The supported scripts can be created by using their constructor and passing them the
needed parameters. They can be found in `btcpy.structs.script`. All the constructors of these classes can take an input of type `Script`.
In this case they try to match it to their template and raise a `WrongScriptTypeException`
if the script does not match the desired template. Otherwise, they take the following
parameters:
| Class | Description |Parameters |
| ----------------------------- | ----------- | -------------- |
| `P2pkhScript`, `P2wpkhScript` | A P2PKH/P2WPKH script | Either a `PublickKey`, a `bytearray` representing a public key hash or an `Address` |
| `P2shScript` | A P2SH script | Either a `ScriptPubKey` representing the redeemScript, a `bytearray` representing the redeemScript's hash or an `Address` |
| `P2wshScript` | A P2WSH script | Either a `ScriptPubKey` representing the witnessScript, a `bytearray` representing the witnessScript's hash or an `Address` |
| `P2pkScript` | A P2PK script | A `PublicKey` |
| `NulldataScript` | An OP_RETURN script | A `StackData` representing the data to store in the transaction |
| `MultisigScript` | A multisig script, where m out of n keys are needed to spend | `m`, the number of signatures needed to spend this output, an arbitrary number of `PublicKeys`, `n` the number of public keys provided |
| `IfElseScript` | A script consisting of an `OP_IF`, a script, an `OP_ELSE`, another script and an `OP_ENDIF` | Two `ScriptPubKey` scripts, the first to be executed in the if branch, the second to be executed in the else branch |
| `AbsoluteTimelockScript` | A script consisting of ` OP_CHECKLOCKTIMEVERIFY OP_DROP` and a subsequent script which can be spent only after the absolute time expressed by the `` is expired | A `Locktime`, expressing the absolute time/number of blocks after which the subsequent script can be spent, and the locked `ScriptPubKey` |
| `RelativeTimelockScript` | A script consisting of ` OP_CHECKSEQUENCEVERIFY OP_DROP` and a subsequent script which can be spent only after the relative time time expressed by the `` is expired | A `Sequence`, expressing the relative time/ number of blocks after which the subsequent script can be spent, and the locked `ScriptPubKey` |
| `Hashlock256Script` | A script consisting of `OP_HASH256 OP_EQUALVERIFY` and a subsequent script which can be spent only after providing the preimage of `` for the double SHA256 hash function | Either a `bytearray` or `StackData` representing the hashed value that locks the subsequent script, plus the locked `ScriptPubKey` |
| `Hashlock160Script` | A script consisting of `OP_HASH160 OP_EQUALVERIFY` and a subsequent script which can be spent only after providing the preimage of `` for the RIPEMPD160 of the SHA256 hash function | Either a `bytearray` or `StackData` representing the hashed value that locks the subsequent script, plus the locked `ScriptPubKey` |
Please note that in the following sections we will frequently use the same keypair for ease of
documenting, of course this is a very bad practice in a production environment
and should be avoided at all costs.
### Spending a transaction
This library offers `Solver`s to spend a previous transaction's output. Solvers can be found in `btcpy.structs.sig` and
expect as input all the data needed to create the appropriate scriptSig and witness.

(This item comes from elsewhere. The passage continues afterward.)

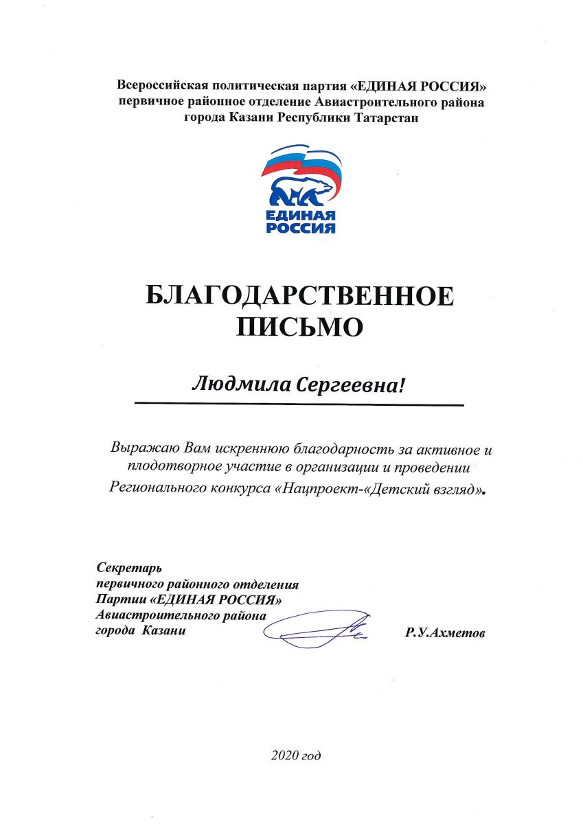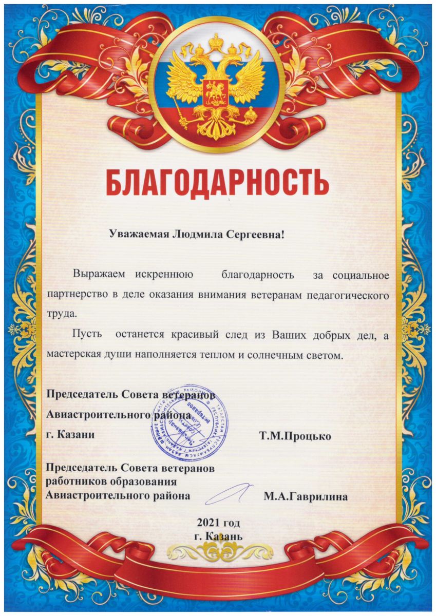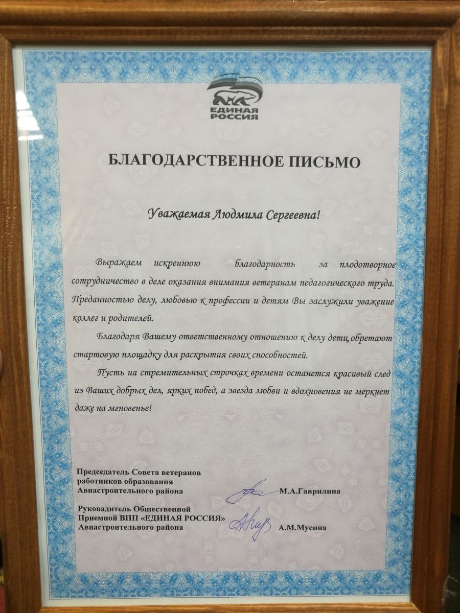 3. Благодаственное письмо Руководителя общественной приемной ВПП ""Единая Россия" А.М. Мусиной, Председателя совета ветеранов работников образования Авиастротельного района М.А. Гаврилиной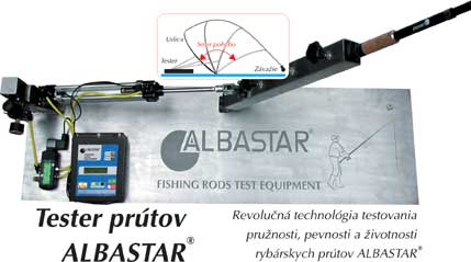 - Momentálne prebieha test prívlačových prútov ALBASTAR, modelový rad Blue Gentleman. V čase uzávierky tohto čísla prút absolvoval viac ako 50 000 cyklov, bez viditeľného poškodenia a opotrebenia. Nasledujúce testy budú na kaprových špeciáloch od ALBASTAR-u a univerzálnych teleskopických prútoch. Len pre ozrejmenie: 1 cyklus sa rovná 1 zásek s následným zdolávaním ryby, pričom čas zdolávania je nastaviteľný..

To create a `Solver`, the `Sighash` class is needed. This class represents a SIGHASH
and its constructor takes two parameters:
* `sighash`, either of the literal strings `'ONE'`, `'ALL'` or `'NONE'`
* `anyonecanpay`, a flag defaulting to `False`.
The following solvers take one sighash as last parameter, defaulting to `Sighash('ALL')`:
* `P2pkhSolver`
* `P2wpkhV0Solver`
* `P2pkSolver`
The `MultisigSolver` class takes many sighashes as additional last parameters, all
defaulting to `Sighash('ALL')`. All other classes do not accept sighashes.
Additionally, the following solvers are available and they take the following inputs:
| Class | Inputs | Solves |
|------------------|----------------------------------------------------------------------------------------------------- |-------------------|
| `P2pkhSolver` | a `PrivateKey` | `P2pkhScript` |
| `P2wpkhV0Solver` | a `PrivateKey` | `P2wpkhV0Script` |
| `P2pkSolver` | a `PrivateKey` | `P2pkhScript` |
| `P2shSolver` | a `ScriptPubKey`, representing the redeemScript and a `Solver` which solves the redeemScript | `P2shScript` |
| `P2wshV0Solver` | a `ScriptPubKey`, representing the witnessScript and a `Solver` which solves the inner witnessScript | `P2wshV0Script` |
| `MultisigSolver` | an arbitrary number of `PrivateKey`s | `MultisigScript` |
| `IfElseSolver` | an object of type `Branch`. This is an enum and its values are `Branch.IF` and `Branch.ELSE`, these are used to specify whether we are spending the `if` or `else` branch of the script. The second parameter is a `Solver` for the script inside the desired branch. | `IfElseScript` |
| `TimelockSolver` | a `Solver` of the inner timelocked script | `AbsoluteTimelockScript`, `RelativeTimelockScript` |
| `RelativeTimelockSolver` | a `Solver` of the inner timelocked script, with relative timelocks | `RelativeTimelockScript` |
| `AbsoluteTimelockSolver` | a `Solver` of the inner timelocked script, with absolute timelocks | `AbsoluteTimelockScript` |
| `HashlockSolver` | the preimage needed to spend the script, as a `bytearray`, and a `Solver` for the hashlocked script | `Hashlock256Script`, `Hashlock160Script` |
To spend a previous transaction, the `MutableTransaction` class provides the `spend()` method.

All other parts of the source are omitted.